Bring your uniform and be prepared to do a 2 minute demo or show us a reel of yourself.

"Jean Claude" and fight co-ordinator "Peter Molota" will be here personally and they are 
searching for this the final person for the film.

The person we are trying to find is Asian about 5'9" and up. He must be 175 lbs and up. 
He must be flexible and in good shape with excellent martial arts skills. 25 to 35 years of age. Acting ability is a plus.


----------



## bignick (Sep 6, 2004)

kenpoworks said:
			
		

> Acting ability is a plus.


Van Damme certainly gets by without it...:ultracool 



			
				kempoworks said:
			
		

> The person we are trying to find is Asian about 5'9" and up. He must be 175 lbs and up.

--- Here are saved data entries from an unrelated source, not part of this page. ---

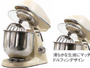
滑らかな生地にマッチしたドルフィンデザイン
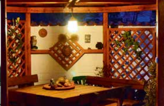
Lýsing á heimili og í garði
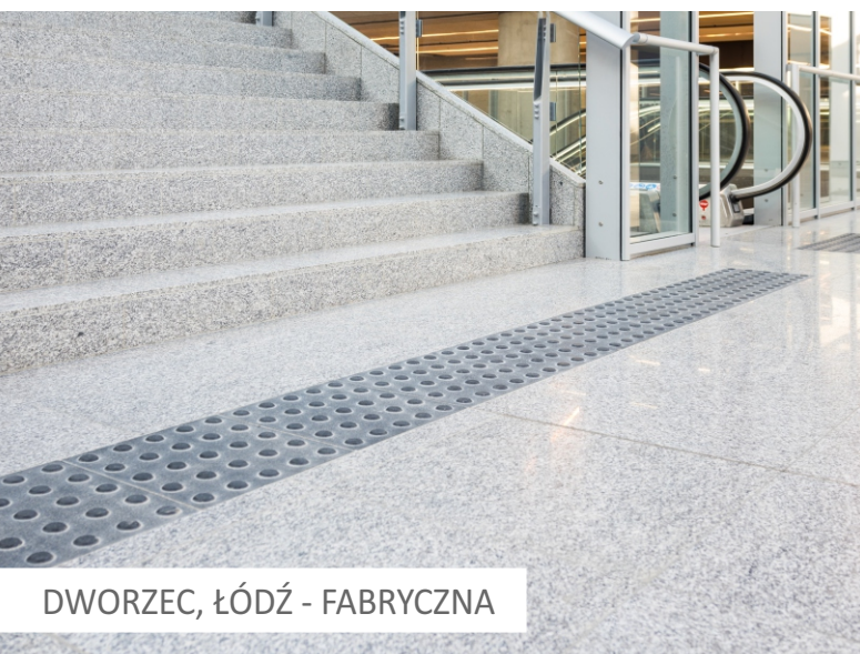
DWORZEC, ŁÓDŹ - FABRYCZNA
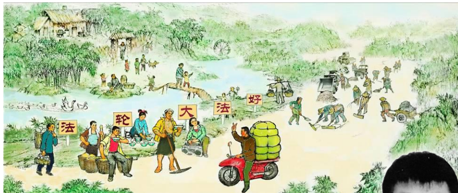
▲绘画：法轮功学员出钱出力，义务为村民修路。
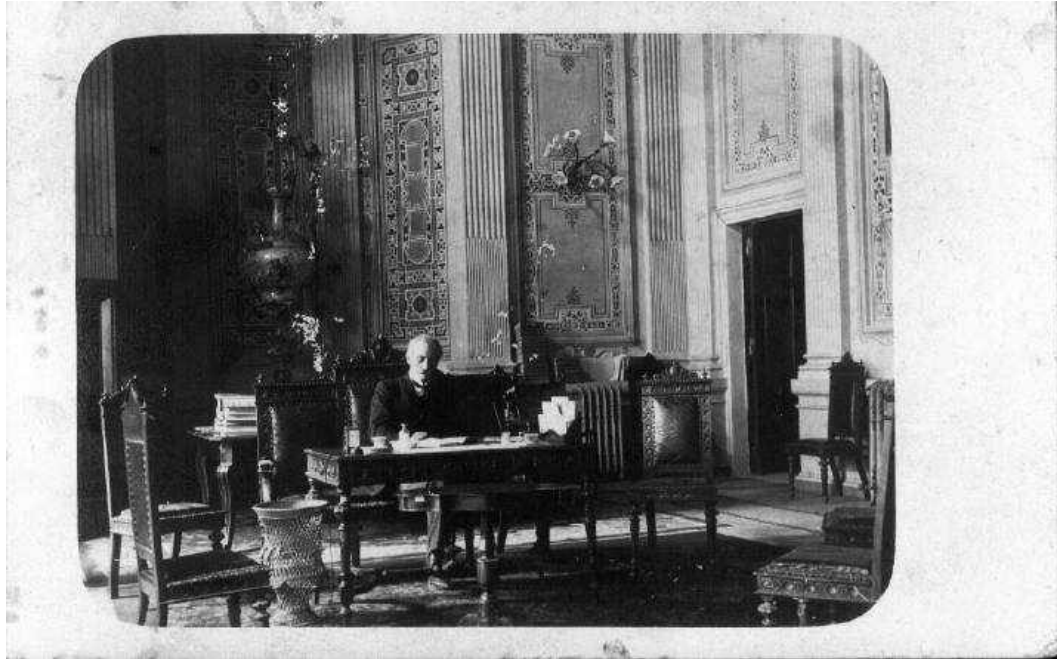
Immagine corrispondente all'unità I.9.2-03
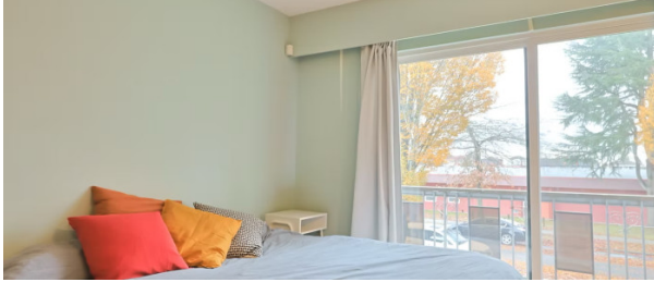
Student House Budget

À partir de 235 € par semaine (selon les dates de votre séjour)
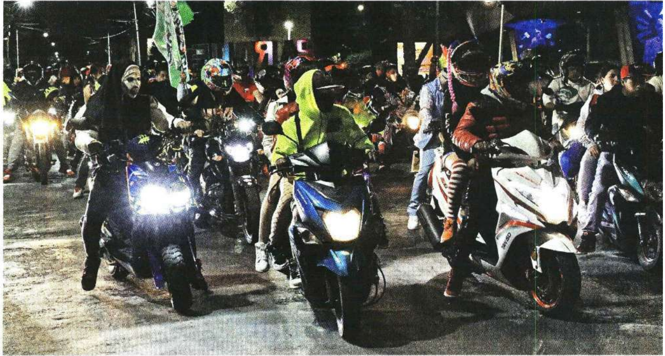
La Colonia Morelos fue uno de los puntos de encuentro para la Rodada del Terror, cuyas jornadas arrancaron desde el domingo.
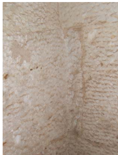
Fig. 129: Racó d'un mur de la tomba número 1.

Les superfícies internes de les parets presenten diversos tipus de tractament, des de la pedra rugosa, tal com arribava de la pedrera, fins a parets completament llises o lleugerament repicades per a la col·locació de pintures murals. Malauradament, només disposem de pintures murals a la sala 3 de la tomba número 1 i a les portes de la tomba número 7. Les primeres filades del parament (generalment són dues) presenten a les cantonades blocs que estan preparats per poder sostenir el pes dels murs i les voltes. Aquests blocs no són completament rectes, sinó que es corben una mica per tal de fer l'angle de la cantonada ( fig. 129 ). La resta de filades s'anaven modificant en funció de la corbatura de la volta.
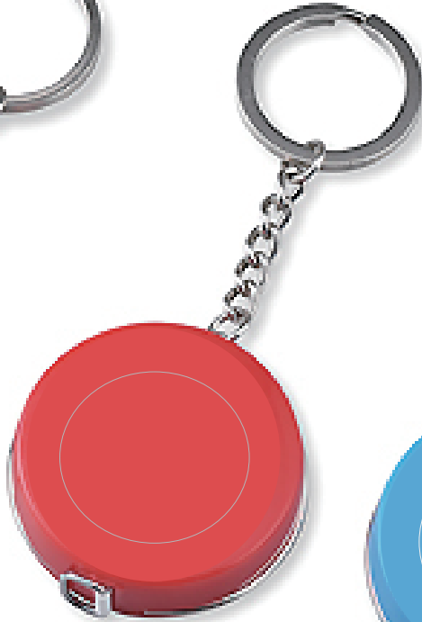
レッド 20 個
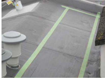
Afplakken van het oppervlak
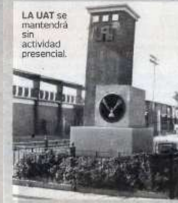
LA UAT se mantendrá sin actividad presencial.

"Estamos en proceso de admisión del próximo semestre y tenemos saturado todos grupos, tanto en derecho, que siempre existe un exceso de demanda, en el caso de Turismo aumentó la demanda por lo que ha ganado la facultad diversos premios.
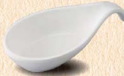
7-345-17 (75006360) ¥900 10cm 平レンゲ小鉢 白グロス 100×46×20
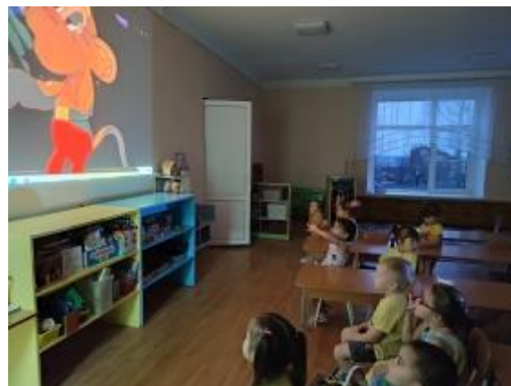
Рис.8. Просмотр мультфильма «Просто так»
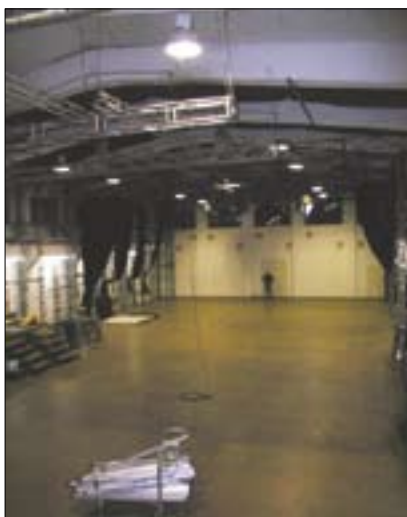
Fabrik Potsdam – Divadelní sál

„Roten Fabrik“ – „Červená továrna“ (Curych, Švýcarsko) odvozuje svůj název od své rezné cihlové fasády. Na rozdíl od předešlých zde můžeme zaznamenat působivý architektonický výraz industriální architektury konce 19. století, byť dnes poznamenaný „uměleckým“ vstupem fenoménu konce 20. století – „grafitti“.
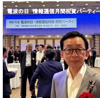
電波の日 情報通信月間祝賀パーティー
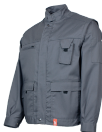
Gris Acier 20
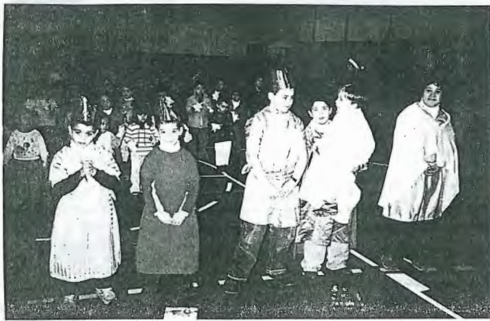
A Festa de Natal teve a participação activa das crianças que frequentam o Centro Social de Mar
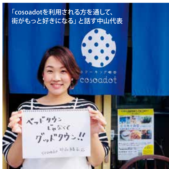
「cosoadotを利用される方を通して、街がもっと好きになる」と話す中山代表

は、中山代表が仕事相談にも乗り、コラボレーションできる先を紹介したり、活動を知ってもらったためのイベントへ参加を呼びかけたりと応援をしているほか、利用者同士の出会いから自然と活動が広がることもある。営業は土日祝を除く平日9時～18時までで、平日夜間と土日祝は

well....i'm out of the running...being a 6'5'', 330 lbs and white


----------



## Rob Broad (Sep 6, 2004)

My only question is why is this thread in teh Kenpo section and not in the general Martial arts forum or somewhere more appropriate.


----------



## Sapper6 (Sep 6, 2004)

Rob Broad said:
			
		

> My only question is why is this thread in teh Kenpo section and not in the general Martial arts forum or somewhere more appropriate.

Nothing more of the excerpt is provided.